CRTC uses anti-spam powers to take down Toronto-based malware server
The CRTC has issued its first warrant under new anti-spam legislation to take down a malware server. (Pressmaster/shutterstock.com)
The Canadian Press
Published Thursday, December 3, 2015 6:57PM EST
TORONTO -- The CRTC has issued its first warrant under the federal government's anti-spam legislation to take down a Toronto-based malware server in an attempt to disrupt an international network of infected computers.
The move was part of a co-ordinated effort between Canadian authorities, overseas law enforcement including Interpol and the U.S. Federal Bureau of Investigation, and Microsoft Corp.
The CRTC said the Toronto server acted as a command-and-control point for the Win32/Dorkbot malware, a family of related computer worms that spread through USB keys and instant messenging services and can steal usernames and passwords by watching your online activity.
A computer infected with Dorkbot can also download other malware and compromise a system further.
Canada's telecoms regulator gained new powers over the Internet when Ottawa's anti-spam legislation came into effect in July 2014.
This is the first time the CRTC has used those powers to take down a server distributing malware on the Internet.
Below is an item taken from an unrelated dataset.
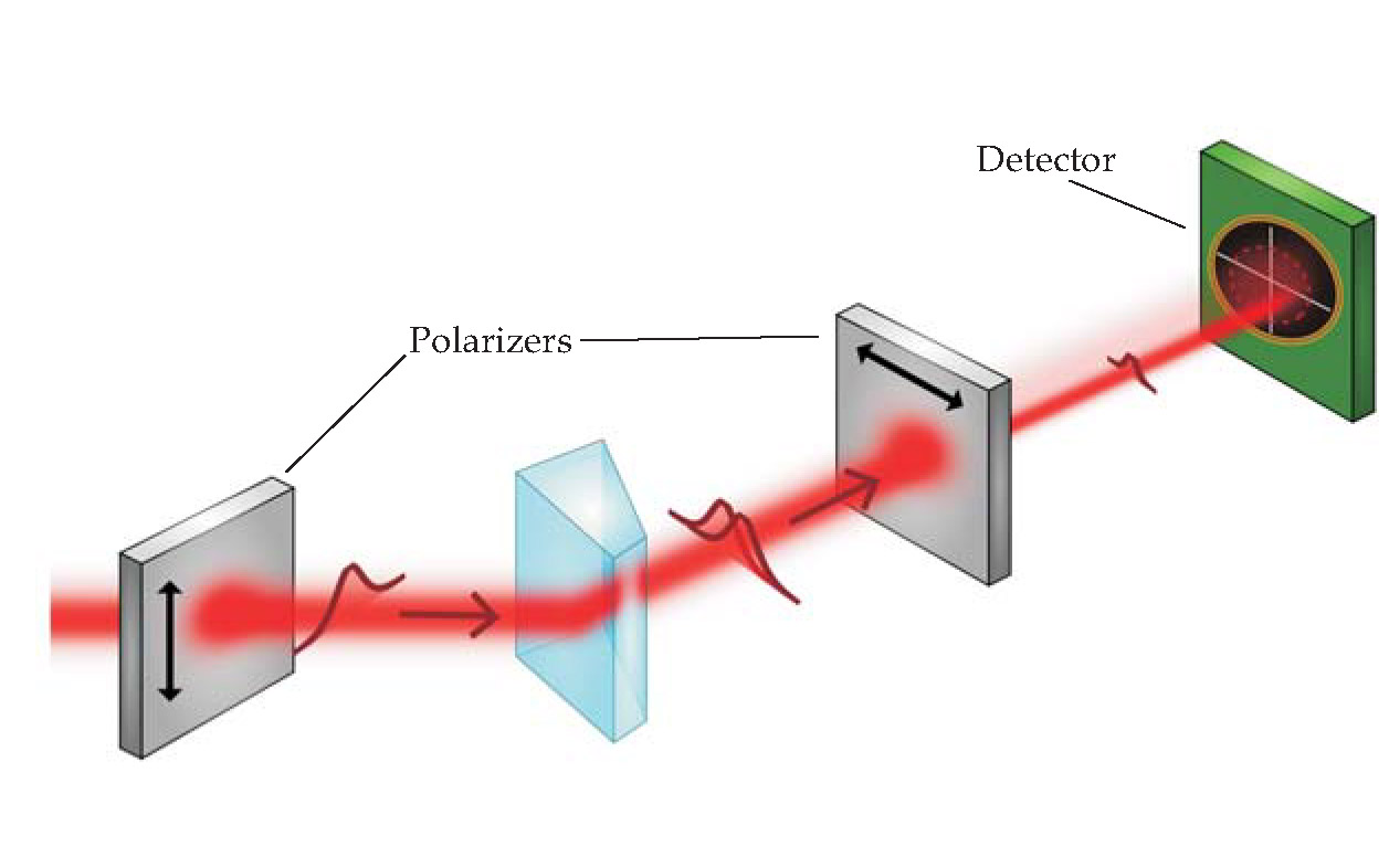 Figure 5. Amplifying the quantum Hall effect for light by weak measurement with pre- and postselection. The QHE produces a tiny lateral displacement of the light beam whose direction depends on whether the light is left- or right-circularly polarized. The beam undergoes the displacement while traversing the prism sandwiched between two polarizers. The polarizers, almost but not completely crossed, perform the pre- and postselection. As a result of those selections, the detector sees a beam that’s much fainter but has a much greater QHE displacement.

The agency said it would not name the individuals or companies under investigation in relation to the warrant, and that the RCMP assisted in serving the warrant.
A command-and-control server allows remote access and control of infected PCs, potentially exposing personal data such as financial information.
"These are very egregious botnets that are used for illicit activities and can lead to identity theft and fraud," CRTC chief compliance and enforcement officer Manon Bombardier said in a news release late Thursday.
Botnets, groups of computers infected with malicious code and controlled by a central user, can also be synchronized to perform so-called distributed denial of service attacks that overwhelm an Internet server by flooding it with requests.
One such attack took down federal government email systems and the websites of several major departments in June.
Microsoft says on its website that the latest versions of its security software, including Windows Defender and Microsoft Security Essentials, can protect your machine from the Dorkbot malware as well as detect and remove it.